花屋の二階にふたつある内の、一方の寝室では、母娘がベッドに座って話していた。重い沈黙が下りていたが、ふと、娘が「そういえば」、と口にすることで、何となく暗い雰囲気が和らいだようだった。
「そういえば――レックスさんって、どういうひとだったかしら。わたし、学校に行くようになってからは、全然顔を合わさなくなっちゃった」
「レックスさんは」、と母が、懐かしそうに言った。「もともと、この城下町のひとじゃなかったの」
「嘘。本当?」、とアリサはびっくりしたように目を見開いて返した。
「アリサだって、ちゃんと知ってたことのはずよ」
「覚えてない」
「嘆かわしいわねぇ」、と母は苦笑する。「アンタ、小さい頃は仲良くしてたのに、いつから疎遠になったの?」
「疎遠っていうほどのことはないと思う。たまたま、会う機会がなくなったっていうだけで」
母は、薬屋のことを滔々と語った。彼女は、彼のことをよく知っていた。
もともと城下町の住民ではないレックスは、よそより移住してきた異邦人だった。彼は当初、何をするにも覚束なく、かといって、頼れるツテがなかった。
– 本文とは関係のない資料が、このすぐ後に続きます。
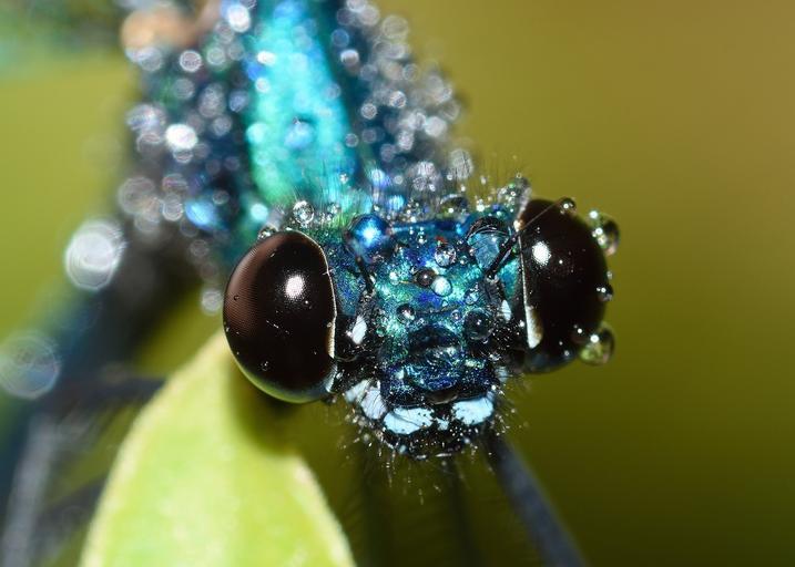 Keywords: dragonflies maid calopteryx splendens rain macro

「わたしは、ずっとこの町で暮らしてたから、移住者を世話するのは、そう難しくないことだったわ」
「そう言って」、とアリサはいささかニヤ付く。「本当はお母さん、レックスさんに惚れてたんじゃないの? レックスさん、結構イケメンだし」
「馬鹿ね。その頃わたしはもう結婚してたもの」
と、娘の茶化しを、母は一蹴するが、実際は、一抹の好意があったのだった。勿論、それぞれ今より若かった過去のことだ。
「レックスさんが来たのは、アンタが生まれる一年前のことだったと思う」
新しい町にまだ馴染まない移住者を、原住民がフォローすることになった。
店舗として使用するのに適した空き家――今の薬屋である――のそばを、レックスは心許なそうにウロウロしていた。そして、近所の花屋の夫妻は、ウロウロしている彼に注意が行き、話しかけ、そして互いに知り合った。その時のやり取りが、末永い関係の端緒となった。
花屋の妻は、忙しい夫にかわって、勝手が分からない薬屋に、色々とやさしくレクチャーした。城下町の行政が管理する空き家の契約、税の種類とその納め方、地区の冠婚葬祭を統べる教会での儀式の内容と日時など。
薬屋は、地元の者の支援を心からありがたがり、花屋夫妻に好印象を持ち、よく慕った。
その頃の回想は、思い返すアリサの母にとっては、懐かしく、やさしい光に包まれたものだった。